Interior and Equipment
The Fiat’s 1.4-litre Turbo Multiair engine actually has more torque than both the MX-5’s 1.5-litre and 2.0-litre petrol units.
The interior screams MX-5, naturally. However, Fiat has made a conscious decision to give Spider a slightly plusher interior – and the effort shows, with a greater number of soft-touch materials which, with the cream leather, looks particularly lavish. The easy-to-use roof mechanism remains though, thankfully. There are three trim levels to choose from, Classica, Lusso and Lusso Plus. Standard kit on every model includes air-con, Bluetooth, cruise control, 16-inch alloys and a leather-trimmed steering wheel with mounted controls. The Lusso model that we tested added bigger 17-inch alloys, a seven-inch infotainment screen with sat-nav and a rear-parking camera, automatic climate control and heated leather seats. Go for the flagship Lusso Plus model and you will get a nine-speaker BOSE sound system, LED daytime running lights, adaptive LED headlamps and automatic lights and wipers. Some will potentially have the same issue as they do in the MX-5 with the Spider as the steering wheel does not adjust for rake and the driver seat adjustment is limited. The actual driving position, once you do get comfy, is spot on. The necessary added length to accommodate the turbo actually makes for 10 litres more boot space for the Spider when compared to the MX-5, standing at 140 litres. The boot opening is still a little awkward and letterbox-like, but it easily accommodates rucksacks.
It’s slightly pricier to buy and to run than the MX-5.
There’s not a lot of difference on the pricing front with the Spider and MX-5, but there’s definitely enough to influence your buying decision.

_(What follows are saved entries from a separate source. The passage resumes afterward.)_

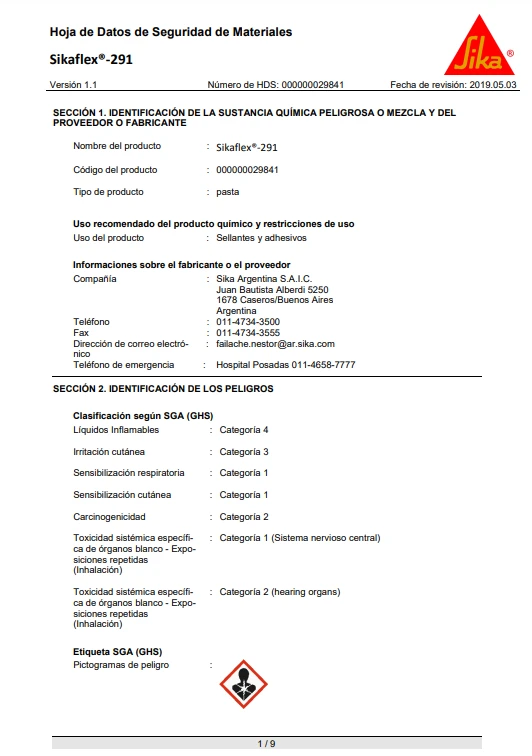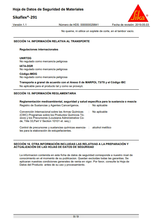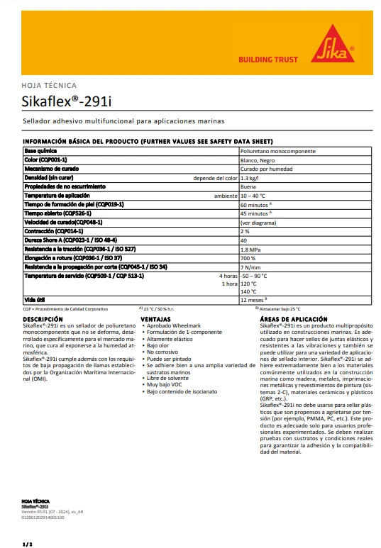 Sikaflex®-291i es un sellador de poliuretano de 1 componente sin pandeo desarrollado específicamente para el mercado marino, que cura la exposición a la humedad atmosférica. Sikaflex®-291i cumple con los requisitos establecidos por la Organización Marítima Internacional (OMI).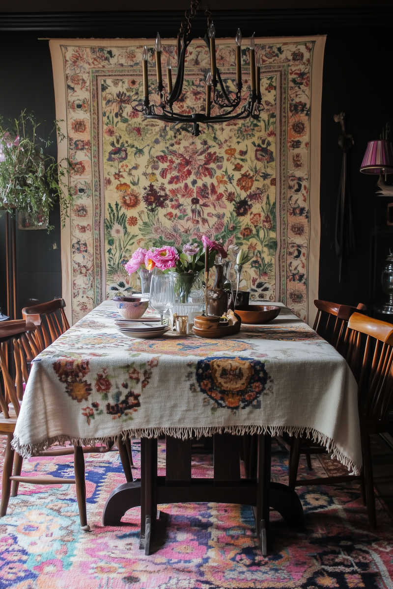 Drape a patterned tablecloth over the table, add a delicate doily under a centerpiece, or place quilted or needlepoint cushions on dining chairs.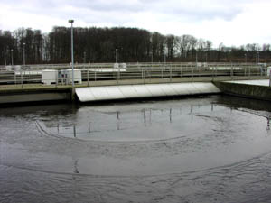 | Der er mange, store bassiner på et rensningsanlæg. I den kemiske rensning skal vandet stå stille.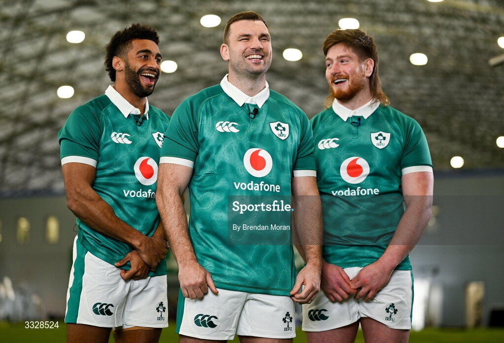 25 January 2026; Robert Baloucoune, left, Tadhg Beirne and Joe McCarthy during the Ireland team assembly day at the IRFU High Performance Centre in Dublin ahead of the 2026 Guinness Six Nations Rugby Championship. Photo by Brendan Moran/Sportsfile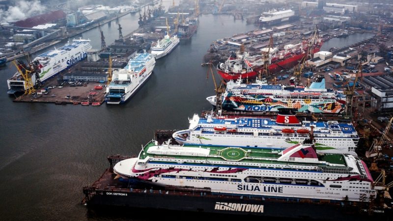 According to the website PortalMorski.pl, which shot the video just a few days ago, the footage actually shows a record seven car and passenger ferries at the yard, including one there undergoing conversion to LNG propulsion and another that arrived all the way from British Columbia, Canada.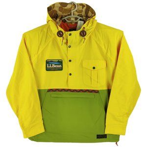"The Color-Block Anorak is inspired by two L.L. Bean classics from The Eighties—The Baxter State Parka and The Anorak yet features a few key updates. Designed to pack up into itself, this practical layer is an essential for navigating changeable weather (and an excellent pick for your next trip). The hood is lined in L.L. Bean’s archival duck camo, zips and snaps shut, and cinches closed with a paracord draw cord for added warmth and protection. The cotton-nylon body is lined in a quick-drying, breathable orange mesh. The fit is highly adjustable, from the Velcro tabs at the cuffs to drawstrings at the waist and hem — tighten up to keep out the chill on a windy day, or wear it loose. With plenty of pockets, handsome detailing, and an easy on-off side zipper, too, you can feel great the next time you hit up the great outdoors."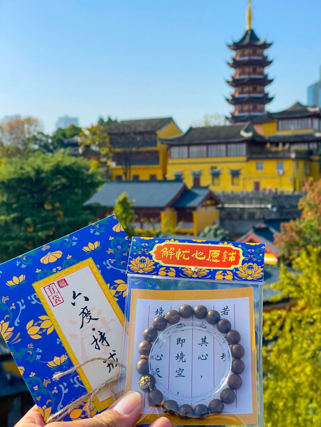 南京鸡鸣寺文创真的好会啊! 昨天去鸡鸣寺赏秋 看到有手串盲盒!! 拆的正好是我想要的款!哈哈哈 现在还有🆓镂空鸡鸣寺书签和手机贴纸 [打卡R]古鸡鸣寺 ⏰:7:00—17:30 🎫:门票10r 🚇:地铁3号线鸡鸣寺站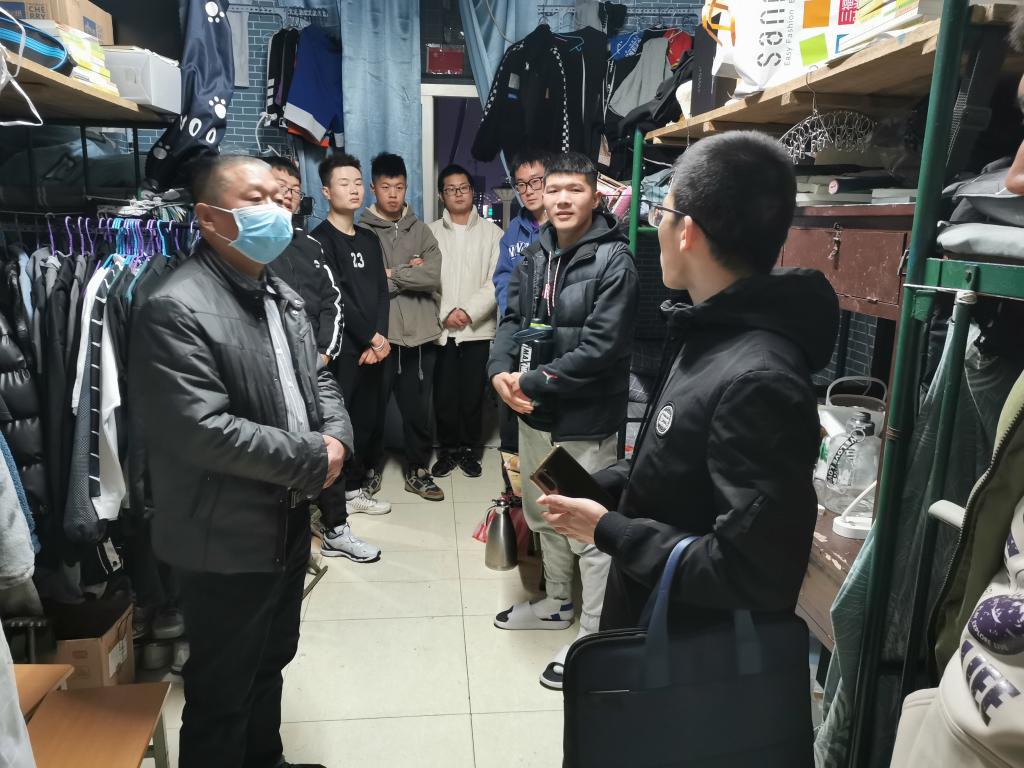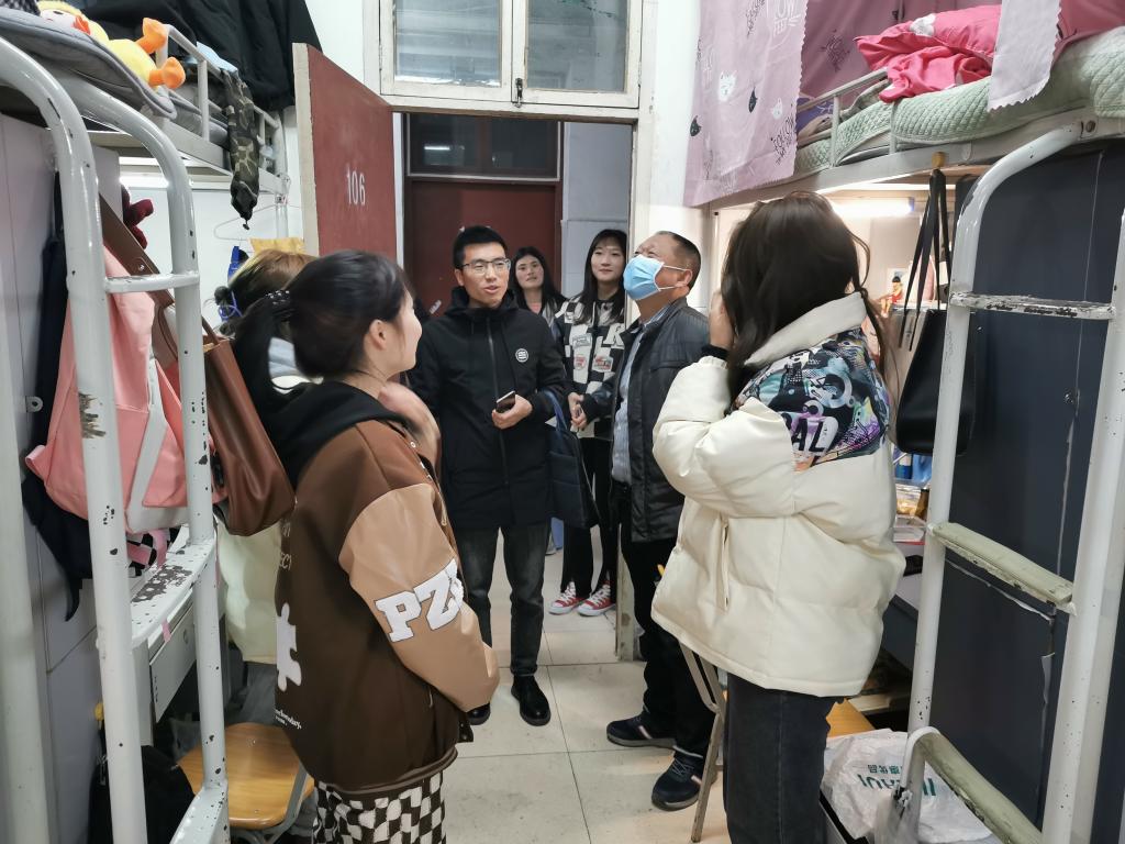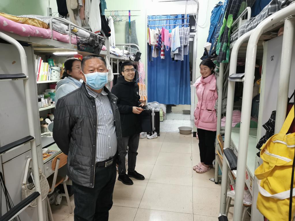 在宿舍里,高立平书记详细询问宿舍成员的返校情况,了解返校学生在校学习、生活、工作等情况,叮嘱在校学生,严格遵守疫情防控要求,务必做好宿舍通风、卫生消杀、卫生打扫等工作,保持宿舍环境干净整洁。要求学生不断提高日常安全意识和防范电信诈骗意识,切实做好疫情防控各项措施,共同营造安全卫生的校园生活环境。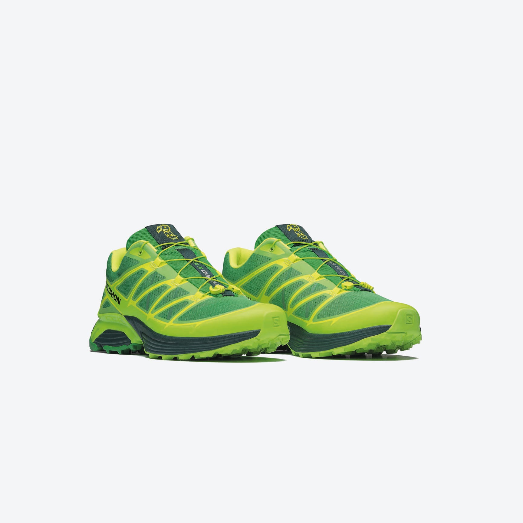 El XT-Pathway 2 FERXXO reinterpreta el rendimiento outdoor desde una mirada creativa y emocional. Inspirado en los paisajes y la energía de Medellín, el par fusiona la ingeniería alpina de Salomon con el lenguaje visual de Feid, marcado por el color verde —símbolo de raíz, esperanza y energía—.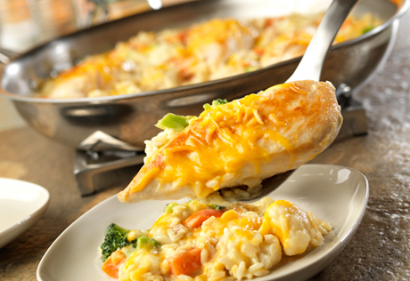 Chicken breasts, Campbell's soup, frozen veggies, and rice come together to create this one-pan dinner perfect for using what's already in your pantry and freezer.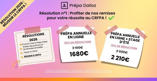 La Prépa Dalloz vous facilite la vie en vous proposant de régler votre prépa annuelle CRFPA en cinq fois sans frais (l’acompte puis 4 versements).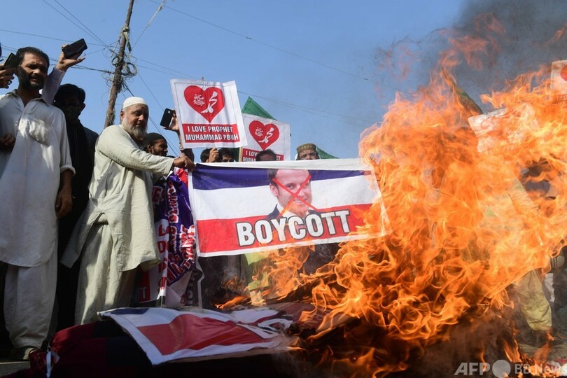 しかし、イスラム教徒が多数を占める国々では先週末、マクロン氏の発言への反発から抗議デモが相次いで発生した。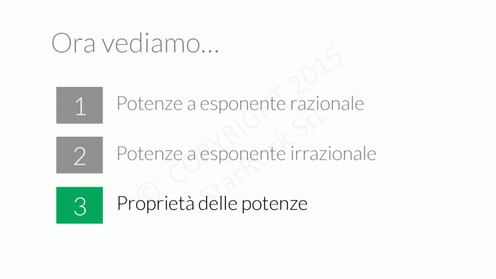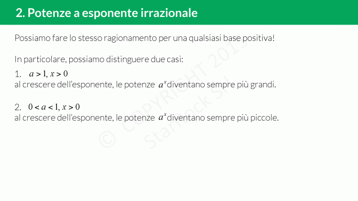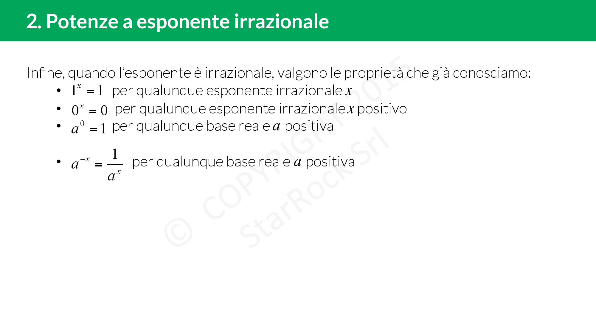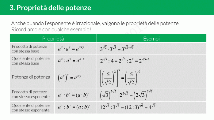 Infine, quando l’esponente è irrazionale, valgono le proprietà che già conosciamo: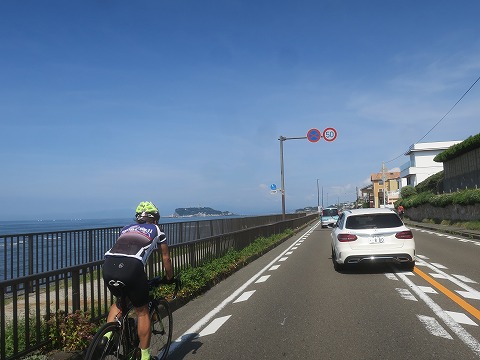 8:57 七里ガ浜(しちりがはま)に さらに国道134号線を西走。 稲村ケ崎を過ぎると、徐々に江の島が近くに見えてきます。 稲村ケ崎から先、七里ガ浜はしばらく遊泳禁止区域で、サーフィンをしている人がたくさんいます。 夏場になって、やっぱりクルマの台数が増えている感じです。 今の時間だと渋滞と言うほどではありませんが、夏の期間中はできれば避けたい区間ですね。 |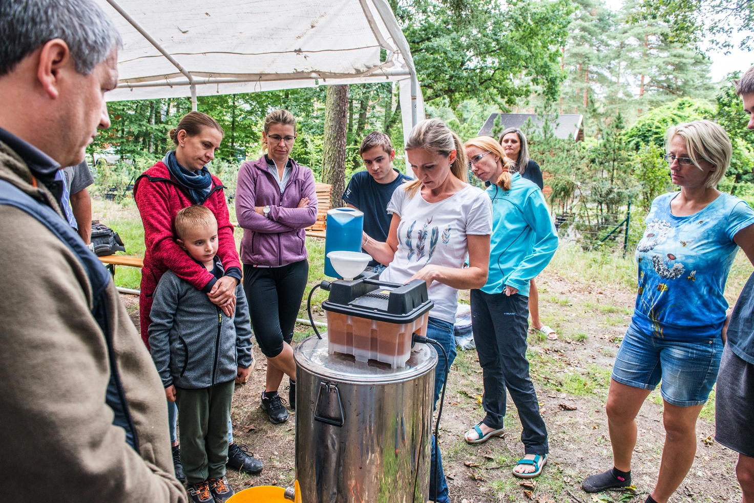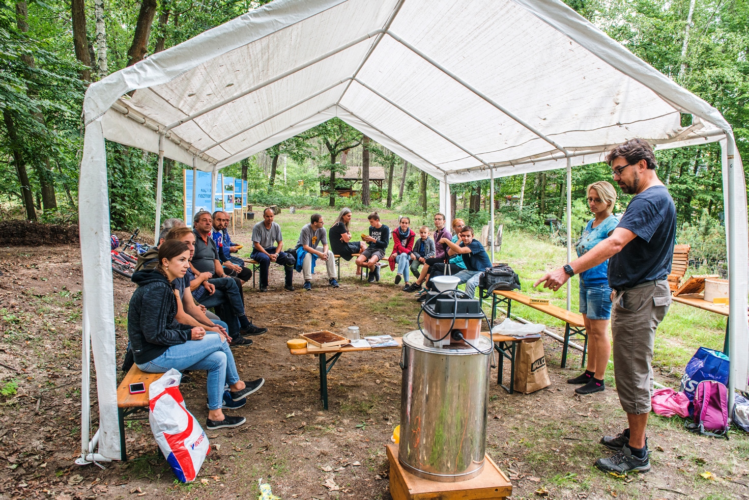Druhá schůzka projektu „Včelaříme pro radost“ byla naplněna aktuálními tématy pro srpen, tedy zakrmováním a ošetřováním včelstev. Řekli jsme si možné způsoby těchto činností a představili si pomůcky a „zlepšováky“, které včelař při těchto úkonech používá. Zkušenější včelaři se podělili se svými metodami a znalostmi, začínající včelaři získávali odpovědi na své otázky. A pak zaznělo opět naše oblíbené „Jdeme do včel“. Sami účastníci si vyndávali plástve z úlů, abychom společně mohli zhodnotit stav včelstev. Opět jsme si popisovali vše, co vidíme a všechna ta krása, vůně a fascinace životem včel přímo čišela z očí účastníků.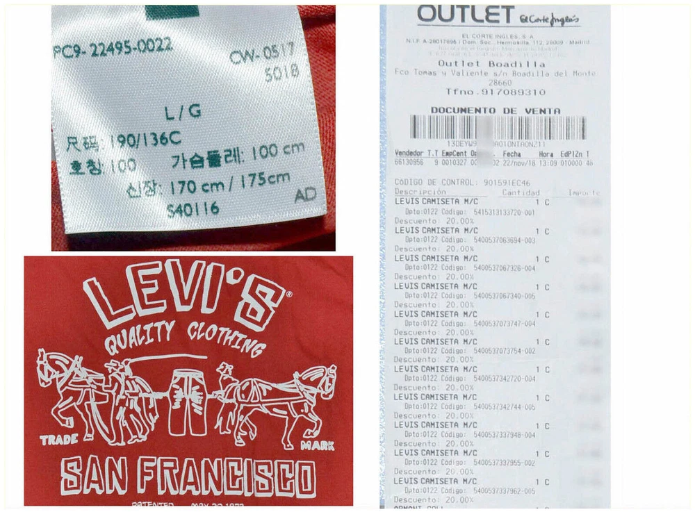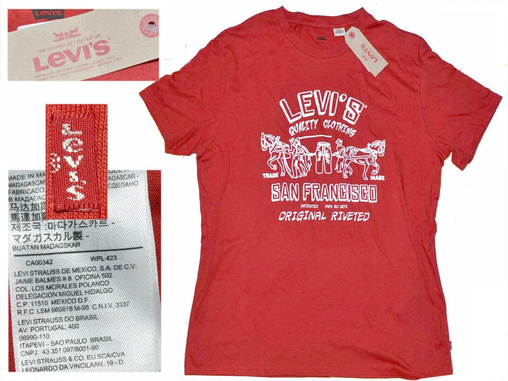 LEVI´S Gender: Man Composition: 100% cotton Features: LEVI'S external logo.Proceeds directly from the main distributor of the Levis brand from which you can see the invoice Size : S (A) shoulder to shoulder 43 cm, (B) armpit-armpit 48 cm, (C) total length 61 cm Thank you for your support purchased only from stores that sell original items like us* *In our photographs you can clearly see all the details that identify an original article, if you do not see them in other stores, distrust them.In our shop only items from the shop of the brand or distributors authorized by the brand. If you wish we can indicate the exact origin of each item with invoice of origin. Selling or buying counterfeits is a crime. Absolute warranty of authenticity and lowest price Absolute guarantee of authenticity and lowest price An absolute guarantee of authenticity and the highest price Absolute Warranty for performance and low price Assoluta guarantee of authenticity and basic price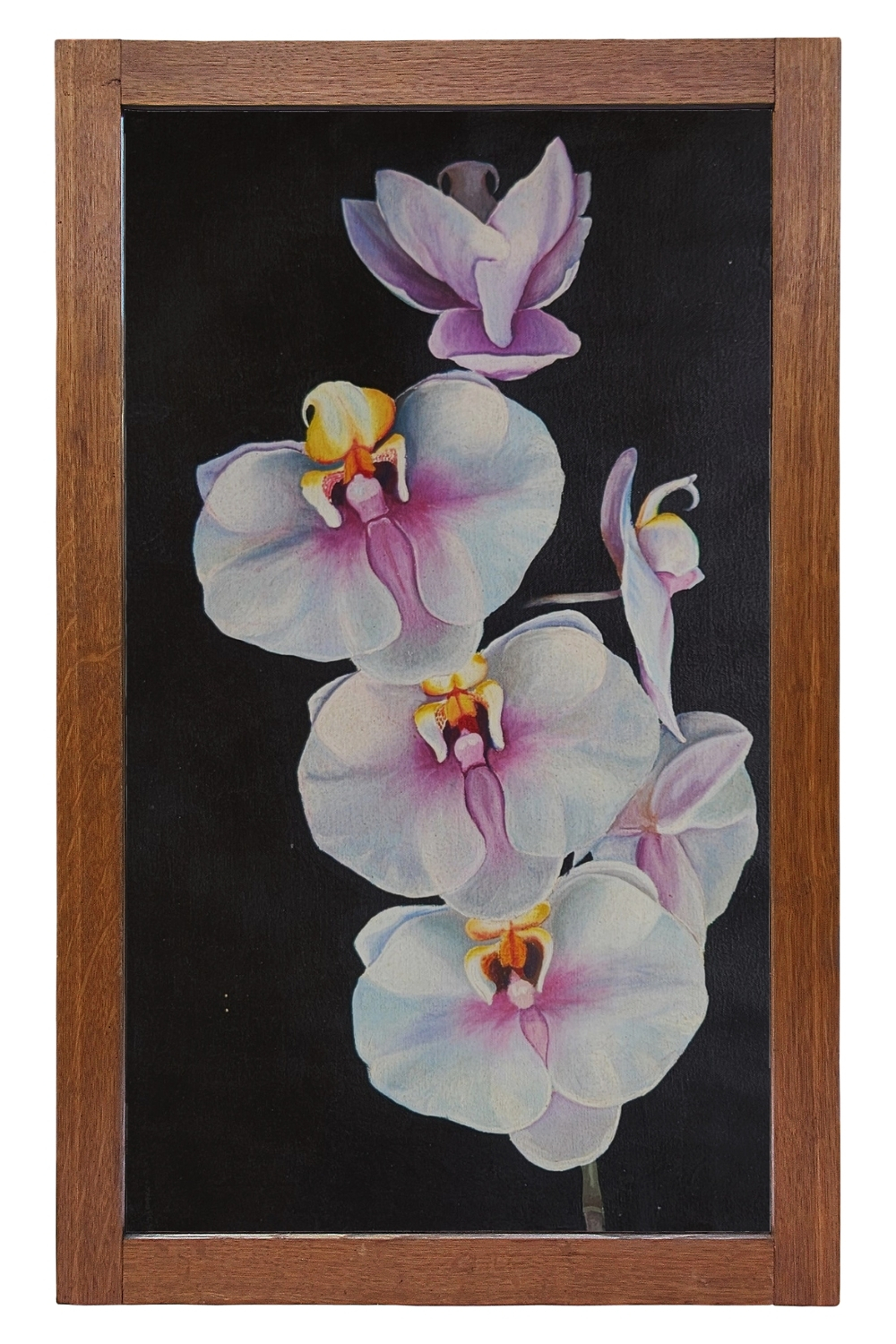 “Nargis Ki Chhaya” is a hand-painted canvas that celebrates the delicate beauty of orchids through a refined, heritage-inspired lens. Set against a deep black backdrop, the vertical arrangement of white orchids—tinged with soft pinks, purples, and golden centers—evokes both realism and poetic restraint. Each petal is rendered with precision, using original mineral colors that lend depth, texture, and timeless vibrancy. The composition invites stillness and contemplation, making it ideal for curated interiors, campaign visuals, or collectors seeking botanical elegance with cultural soul. This piece is a tribute to nature’s quiet grandeur, painted with emotional clarity and artisan finesse.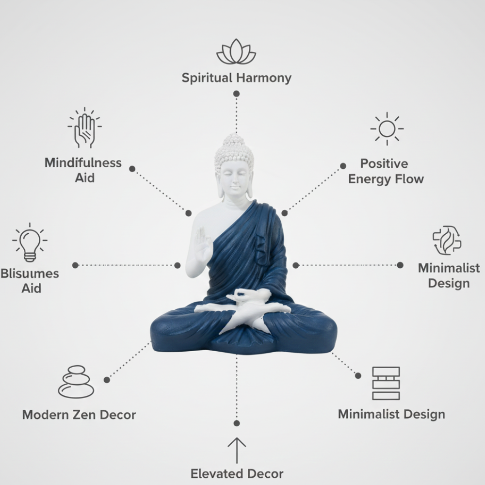 Ideal for home décor, meditation rooms, yoga spaces, or office interiors, this Buddha statue enhances positive energy and creates a tranquil atmosphere. Its minimalist design and soothing color palette make it a perfect addition to both modern and traditional interiors, as well as a thoughtful gift for spiritual occasions.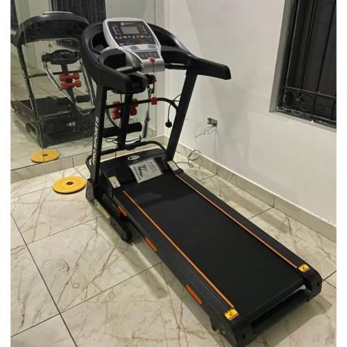 3HP German Treadmill Machine Comes With, 1. Massage, sit-up, 2 dumbells 2.Display Readout: blue LCD .Calories. Heart Rate. Speed.Time.Distance.etc. 3.Motor : 3HP peak power 4.with 2 speakers.amplify USB and SD. MP3 connection.ear phone jack. 5.Speed Range: 0.8-14.8 km/h 6.incline: manual incline 3 levels. 7.Running Surface: 420mm X 1200mm. 8.Carton Size: 1680x750x325 9.Hand-held heart rate.speed&incline shortcut keys 10.99% Pre-assembly in the carton. 11.User Weight Capcity:150kgs 13.two level dual double shock absorption cushioning design. 8-points deck suspension. 14.free assembly package foldable package in the carton. 15.with SON trade mark Product Information...see less,

At £19,545 the Spider is about £1,000 more than the MX-5, but you do get a plusher interior for that price. Running cost wise, the Spider’s turbo claims an average return of 44mpg and CO2 emissions stand at 148g/km. So, it’s slightly pricier to buy and to run than the MX-5.
Fiat has certainly created something that deserves its own time in the limelight, out of the MX-5’s shadow. Although sharing a lot of character traits, both models definitely have their own distinct personalities. It does feel like a grown-up, well-engineered roadster, although we can’t help but feel it lacks a smidge of finesse when compared to the MX-5. But coming within a whisker of the MX-5 is a real achievement that Fiat should be proud of. The key divider between the two may very well come down to which camp you belong to – the turbo or the naturally-aspirated.